[OT] Lying hard drives [was Re: shutil.copyfile is incomplete (truncated)]

Chris Angelico rosuav at gmail.com
Fri Apr 12 23:43:57 EDT 2013


On Sat, Apr 13, 2013 at 1:17 PM, Steven D'Aprano
<steve+comp.lang.python at pearwood.info> wrote:
> On Sat, 13 Apr 2013 03:33:29 +0100, Nobody wrote:
>> If you want to wait for the data written to be written to the physical
>> disk (in order to obtain specific behaviour with respect to an unclean
>> shutdown), use f.flush() followed by os.fsync(f.fileno()).
>
> If only it were that simple. It has been documented that some disks will
> lie, even when told to sync. When I say "some", I mean *most*. There's
> probably nothing you can do about it, apart from not using that model or
> brand of disk, so you have to just live with the risk.
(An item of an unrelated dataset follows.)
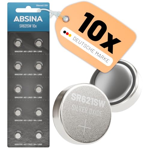 ABSINA SR621SW klockbatteri 1,55 V silveroxid 10-pack – knappcell SR621SW läckagesäker och lång hållbarhet – batteri SR621SW/LR621/SR621/364/V364/R60/AG1 – SR 621 SW klockknappcell

It's often close to that simple. With most hard disks, you can make
them 100% reliable, but you may have to check some disk parameters (on
Linux, that's just a matter of writing to something in /proc
somewhere, don't remember the details but it's easy to check). The
worst offenders I've met are SSDs...

> USB sticks are especially nasty. I've got quite a few USB thumb drives
> where the "write" light keeps flickering for anything up to five minutes
> after the OS reports that the drive has been unmounted and is safe to
> unplug. I corrupted the data on these quite a few times until I noticed
> the light. And let's not even mention the drives that have no light at
> all...

... but you've met worse.

> But my favourite example of lying hard drives of all time is this:
>
> http://blog.jitbit.com/2011/04/chinese-magic-drive.html
>
> I want one of those!

Awesome! It's the new version of DoubleSpace / DriveSpace!

http://en.wikipedia.org/wiki/DriveSpace

(And its problems, according to that Wikipedia article, actually had
the same root cause - write caching that the user wasn't aware of.